Update README and clean-up the code for SD3 timesteps

2026-04-08 22:35:09 +00:00 · 2024-11-07 21:27:12 +09:00
parent 588ea9e123
commit 5e86323f12
6 changed files with 30 additions and 19 deletions
--- a/library/config_util.py
+++ b/library/config_util.py
@@ -526,7 +526,7 @@ def generate_dataset_group_by_blueprint(dataset_group_blueprint: DatasetGroupBlu
          secondary_separator: {subset.secondary_separator}
          enable_wildcard: {subset.enable_wildcard}
          caption_dropout_rate: {subset.caption_dropout_rate}
-          caption_dropout_every_n_epoches: {subset.caption_dropout_every_n_epochs}
+          caption_dropout_every_n_epochs: {subset.caption_dropout_every_n_epochs}
          caption_tag_dropout_rate: {subset.caption_tag_dropout_rate}
          caption_prefix: {subset.caption_prefix}
          caption_suffix: {subset.caption_suffix}
--- a/library/sd3_models.py
+++ b/library/sd3_models.py
@@ -871,7 +871,7 @@ class MMDiT(nn.Module):
            # remove pos_embed to free up memory up to 0.4 GB
            self.pos_embed = None

-            # remove duplcates and sort latent sizes in ascending order
+            # remove duplicates and sort latent sizes in ascending order
            latent_sizes = list(set(latent_sizes))
            latent_sizes = sorted(latent_sizes)

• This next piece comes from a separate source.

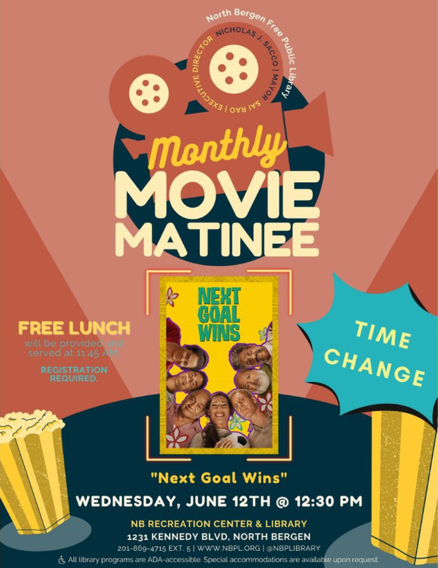 June 10, 2024The North Bergen Free Public Library’s monthly movie matinee is the 2023 comedy sports film “Next Goal Wins.”

--- a/library/sd3_train_utils.py
+++ b/library/sd3_train_utils.py
@@ -253,7 +253,7 @@ def add_sd3_training_arguments(parser: argparse.ArgumentParser):
        " / 複数解像度学習時に解像度ごとに位置埋め込みをスケーリングする。SD3.5M以外では予期しない動作になります",
    )

-    # Dependencies of Diffusers noise sampler has been removed for clearity.
+    # Dependencies of Diffusers noise sampler has been removed for clarity.
    parser.add_argument(
        "--weighting_scheme",
        type=str,
@@ -285,7 +285,8 @@ def add_sd3_training_arguments(parser: argparse.ArgumentParser):
        default=1.0,
        help="Discrete flow shift for training timestep distribution adjustment, applied in addition to the weighting scheme, default is 1.0. /タイムステップ分布のための離散フローシフト、重み付けスキームの上に適用される、デフォルトは1.0。",
    )
-    
+
+
 def verify_sdxl_training_args(args: argparse.Namespace, supportTextEncoderCaching: bool = True):
    assert not args.v2, "v2 cannot be enabled in SDXL training / SDXL学習ではv2を有効にすることはできません"
    if args.v_parameterization:
@@ -956,9 +957,10 @@ def compute_loss_weighting_for_sd3(weighting_scheme: str, sigmas=None):
    return weighting


-def get_noisy_model_input_and_timesteps(
-    args, noise_scheduler, latents, noise, device, dtype
-) -> Tuple[torch.Tensor, torch.Tensor, torch.Tensor]:
+# endregion
+
+
+def get_noisy_model_input_and_timesteps(args, latents, noise, device, dtype) -> Tuple[torch.Tensor, torch.Tensor, torch.Tensor]:
    bsz = latents.shape[0]

    # Sample a random timestep for each image
@@ -977,13 +979,12 @@ def get_noisy_model_input_and_timesteps(
    # weighting shift, value >1 will shift distribution to noisy side (focus more on overall structure), value <1 will shift towards less-noisy side (focus more on details)
    u = (u * shift) / (1 + (shift - 1) * u)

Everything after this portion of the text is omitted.